IU(イ・ジウン)は『マイ・ディア・ミスター~私のおじさん』のヒロインを演じた。彼女の扮したジアンが、ドラマの序盤にひどい暴行を受けるシーンがあった。韓国の視聴者から強い批判が起きていた。
辛い場面
IU(イ・ジウン)が『マイ・ディア・ミスター~私のおじさん』で演じたジアンは、父親が残した借金に苦しめられていた。その借金を厳しく取り立てていたのが、チャン・ギヨンが扮したグァンイルだ。

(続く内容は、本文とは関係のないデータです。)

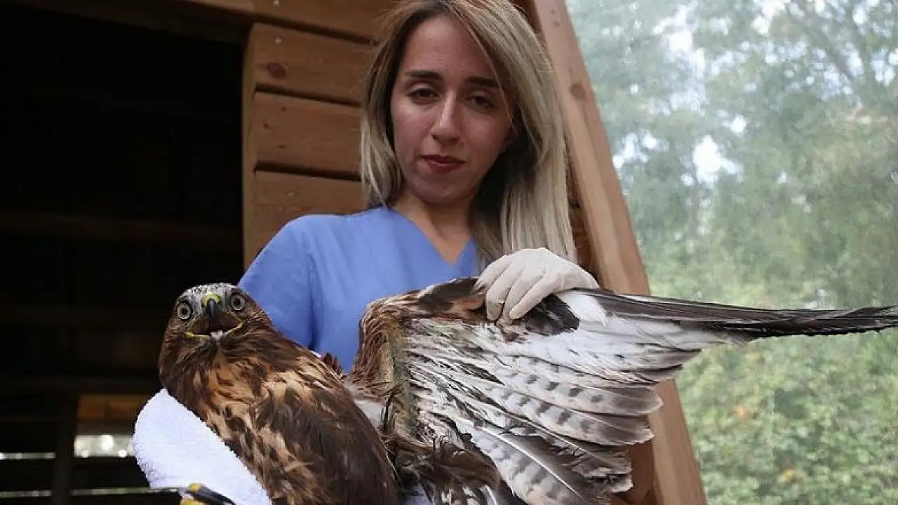 Kızıl şahinin kırık kanadına metal pim takıldı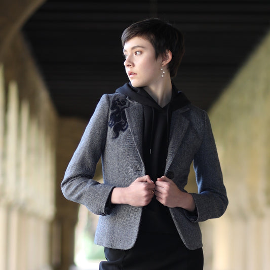 Mandarin Collar Utility Wool Blazer with Signature Embroidery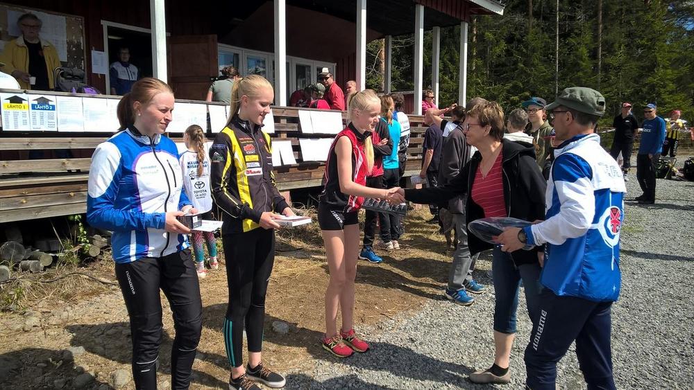 Kisatytöt avustivat palkintojenjaossa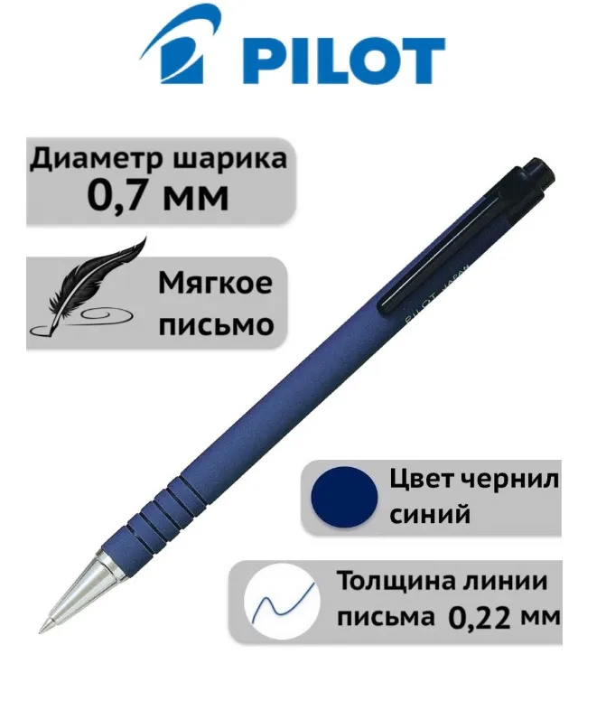 Ручка шариковая Pilot BPRK-10M-LB синий d=0.22мм синие автоматическая сменный стержень 1 стержень линия 0.22мм на масляной основе, упаковка 12шт.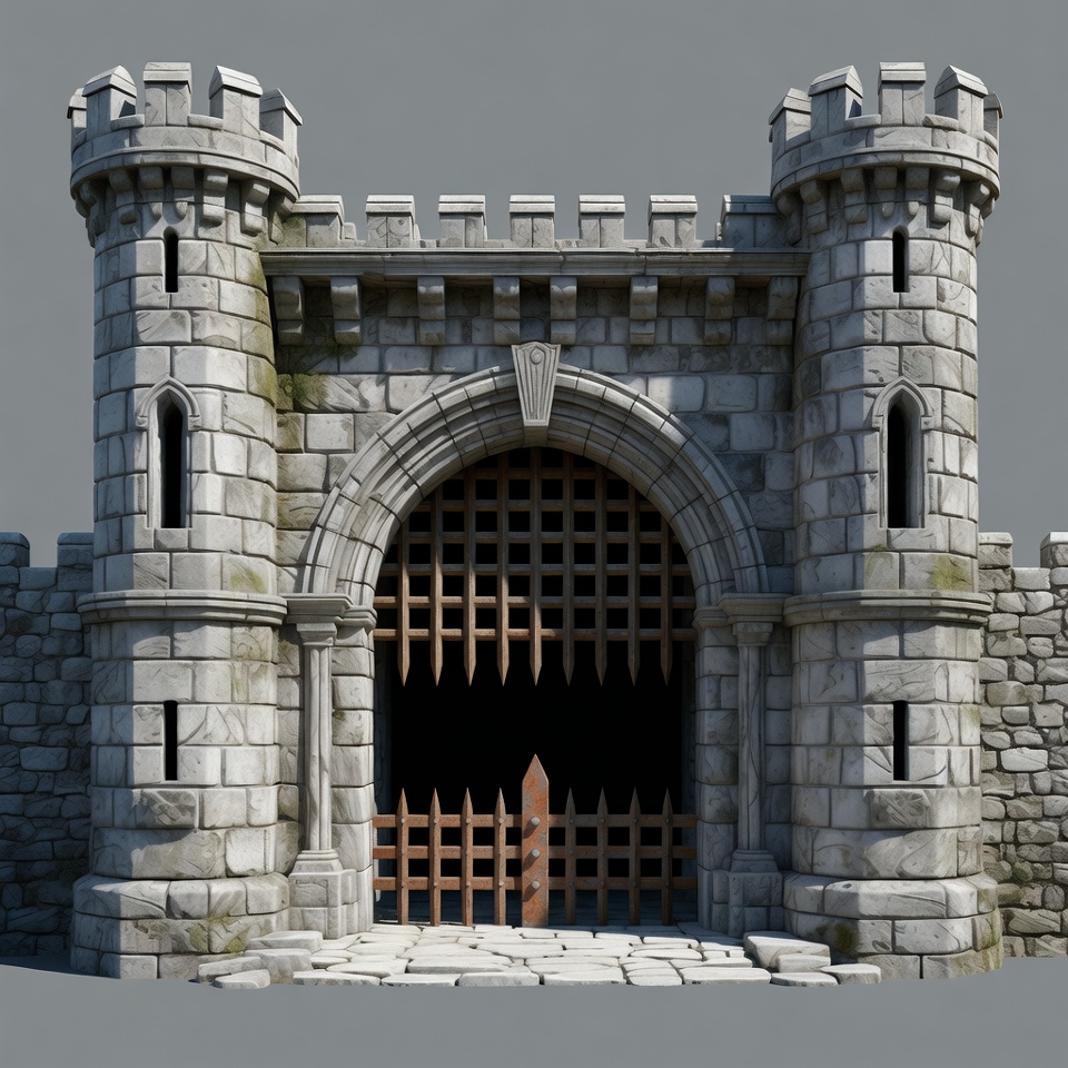 3D render, architecture, archway, battlements, fortress, gate, gray background, illustration, isolated background, medieval, moss, portcullis, stone, towers, walls, wooden gate, castle

彼は、執拗にジアンを責め立てる。かつては幼なじみなのに容赦がない。こうしてグァンイルはドラマの序盤でジアンに激しい暴力をふるう。
見ていて、本当に辛い場面だった。
実際、韓国で放送されたときは厳しい批判が起きている。「容認できない暴力シーン」という声が多かった。

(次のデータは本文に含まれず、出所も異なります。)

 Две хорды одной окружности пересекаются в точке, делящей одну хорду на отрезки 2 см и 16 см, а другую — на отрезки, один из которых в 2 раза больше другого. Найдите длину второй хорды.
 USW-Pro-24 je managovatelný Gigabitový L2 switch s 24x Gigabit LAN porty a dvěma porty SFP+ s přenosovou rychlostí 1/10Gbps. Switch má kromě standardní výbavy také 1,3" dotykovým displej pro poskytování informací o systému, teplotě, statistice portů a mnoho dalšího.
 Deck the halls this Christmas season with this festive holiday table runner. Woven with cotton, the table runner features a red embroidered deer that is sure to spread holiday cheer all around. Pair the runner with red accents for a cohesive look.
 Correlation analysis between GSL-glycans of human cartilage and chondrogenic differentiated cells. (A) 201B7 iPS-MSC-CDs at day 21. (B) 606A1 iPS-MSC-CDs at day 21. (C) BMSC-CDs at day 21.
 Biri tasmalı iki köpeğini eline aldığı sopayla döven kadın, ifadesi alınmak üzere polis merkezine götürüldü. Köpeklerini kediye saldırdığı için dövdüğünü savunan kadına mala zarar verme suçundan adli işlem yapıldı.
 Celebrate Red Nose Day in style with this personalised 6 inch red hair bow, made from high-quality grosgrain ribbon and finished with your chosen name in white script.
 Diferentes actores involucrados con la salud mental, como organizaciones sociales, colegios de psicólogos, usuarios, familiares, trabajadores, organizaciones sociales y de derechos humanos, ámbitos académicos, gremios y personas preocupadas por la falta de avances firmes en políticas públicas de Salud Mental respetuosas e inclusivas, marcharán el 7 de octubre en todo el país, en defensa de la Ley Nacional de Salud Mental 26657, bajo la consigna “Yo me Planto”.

屈強な男(グァンイル)が線の細い女性(ジアン)に生々しい暴力をふるうシーンには、私も不快感を持った。もっと、他の描写でそのような状況を伝える方法もあったはずなのに……。
韓国ドラマには自制しなければならない暴力シーンが多すぎる。『マイ・ディア・ミスター~私のおじさん』の「あの場面」もまさにそれに該当した。
このドラマの序盤といえば、IU(イ・ジウン)も体調が悪くて降板を申し出るほどだった。そんな彼女が暴行シーンの被害者としての撮影に加わって、どのように辛かったか。
『マイ・ディア・ミスター~私のおじさん』は韓国ドラマ史に残る大傑作だが、すべてが称賛できるわけではない。見過ごせない瑕疵(かし)もある。
ドラマを見ていて、グァンイルがジアンに対して「隠れた愛情」を持っていたことは明らかだが、暴力でその心情を表わそうとしたのは拙速だった。
そんなシーンを撮影しているとき、IU(イ・ジウン)はどんな心情になっていたのだろうか。